● **INPUT DATA**:
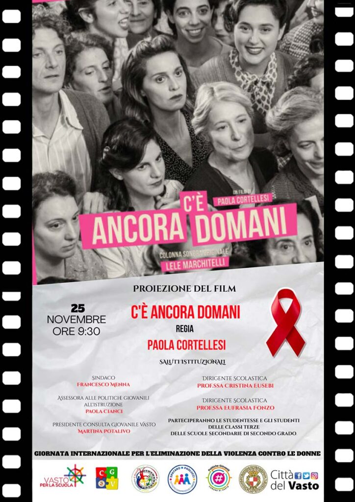 Nel giorno della ricorrenza, martedì 25 novembre, le classi terze delle scuole secondarie di primo grado parteciperanno alla proiezione del film C’è ancora domani di Paola Cortellesi, nell’ambito del percorso Scuola al Cinema per la legalità; parteciperanno, per i saluti istituzionali, il sindaco Menna, l’assessora Cianci, le dirigenti scolastiche Cristina Eusebi ed Eufrasia Fonzo e la presidente della Consulta giovanile Martina Potalivo.
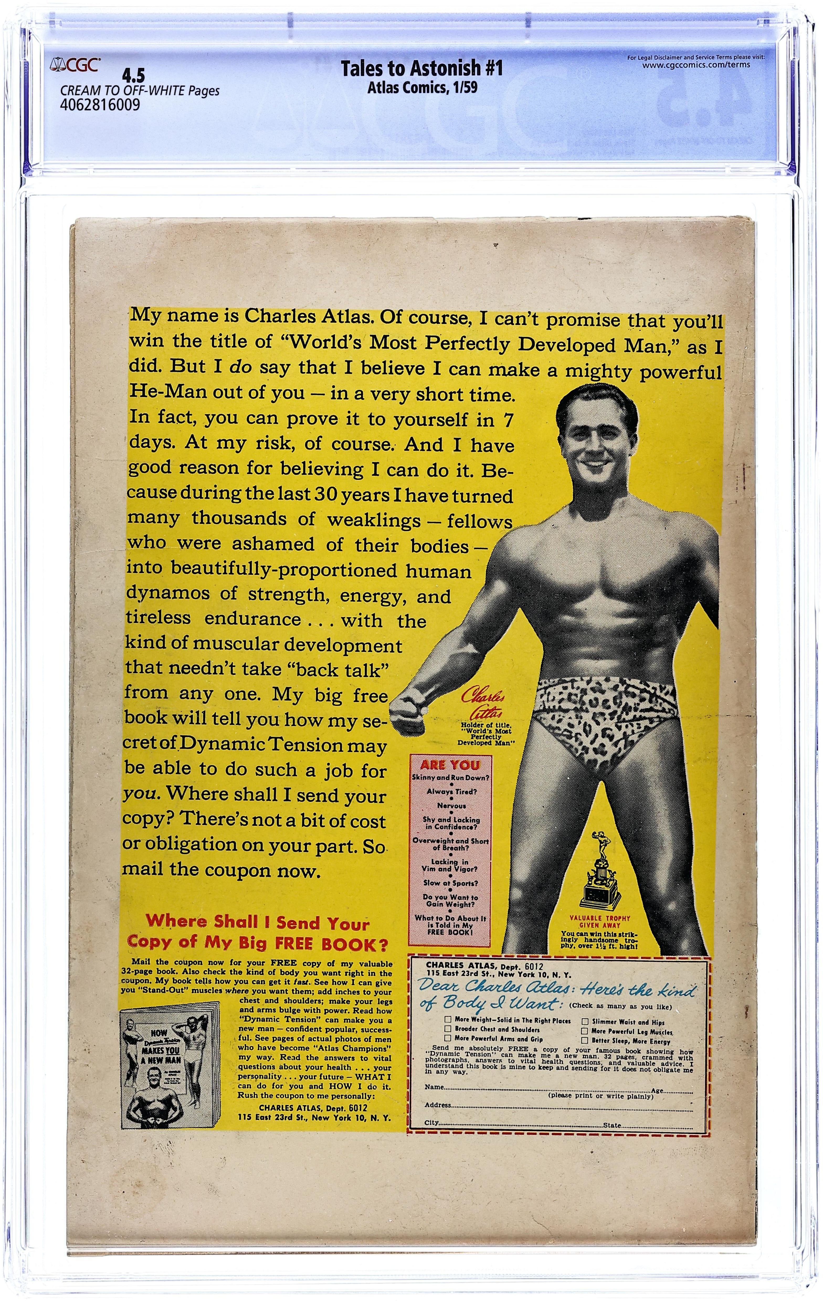 The first appearance and origin of the Incredible Hulk in "The Coming of the Hulk." Script by Stan Lee, pencils by Jack Kirby, inks by Paul Reinman. 1st app. Rick Jones, General Ross, and Betty Ross. It's the height of the Cold War and the government is about to test their new Gamma Bomb. Unfortunately, a carefree and oblivious teenager named Rick Jones wanders out onto the test area. Dr. Bruce Banner, the creator of the Gamma Bomb, rushes out to warn the young man away. However, the bomb explodes and as Banner pushes the teenager to safety he is caught in the heart of a Gamma maelstrom. The gamma-rays that bombard Banner's thin frame transform his physiology. Now, whenever Banner becomes angry he transforms into the man-brute known as the Incredible Hulk. Feared by the public and hunted by the army, the Hulk becomes one of the most tragic figures in Marvel's history. General "Thunderbolt" Ross will not rest until the Hulk is destroyed. The creature's only allies are Rick Jones and Betty Ross, Thunderbolt's daughter and Banner's one true love. Thus begins the epic saga of the world's mightiest mortal. NOTE: Notice that the Hulk was colored grey for the first few issues of his series. In an interview, Stan Lee (creator) said very simply that the reason for this was that grey was the easiest color for the copiers of the time to print. When the technology got better the Hulk became green, and according to Stan, for no better reason than they didn't have a green hero in their stable yet. 36 pgs. Cover price $0.12.
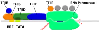 - TFIIB – recognizes the B recognition element (BRE) in promoters

● **WORK INSTRUCTION**:
Would you transcribe the whole listing above exactly? The pictures should not be included.

● **YOUR RESPONSE**:
 Nel giorno della ricorrenza, martedì 25 novembre, le classi terze delle scuole secondarie di primo grado parteciperanno alla proiezione del film C’è ancora domani di Paola Cortellesi, nell’ambito del percorso Scuola al Cinema per la legalità; parteciperanno, per i saluti istituzionali, il sindaco Menna, l’assessora Cianci, le dirigenti scolastiche Cristina Eusebi ed Eufrasia Fonzo e la presidente della Consulta giovanile Martina Potalivo.
 The first appearance and origin of the Incredible Hulk in "The Coming of the Hulk." Script by Stan Lee, pencils by Jack Kirby, inks by Paul Reinman. 1st app. Rick Jones, General Ross, and Betty Ross. It's the height of the Cold War and the government is about to test their new Gamma Bomb. Unfortunately, a carefree and oblivious teenager named Rick Jones wanders out onto the test area. Dr. Bruce Banner, the creator of the Gamma Bomb, rushes out to warn the young man away. However, the bomb explodes and as Banner pushes the teenager to safety he is caught in the heart of a Gamma maelstrom. The gamma-rays that bombard Banner's thin frame transform his physiology. Now, whenever Banner becomes angry he transforms into the man-brute known as the Incredible Hulk. Feared by the public and hunted by the army, the Hulk becomes one of the most tragic figures in Marvel's history. General "Thunderbolt" Ross will not rest until the Hulk is destroyed. The creature's only allies are Rick Jones and Betty Ross, Thunderbolt's daughter and Banner's one true love. Thus begins the epic saga of the world's mightiest mortal. NOTE: Notice that the Hulk was colored grey for the first few issues of his series. In an interview, Stan Lee (creator) said very simply that the reason for this was that grey was the easiest color for the copiers of the time to print. When the technology got better the Hulk became green, and according to Stan, for no better reason than they didn't have a green hero in their stable yet. 36 pgs. Cover price $0.12.
 - TFIIB – recognizes the B recognition element (BRE) in promoters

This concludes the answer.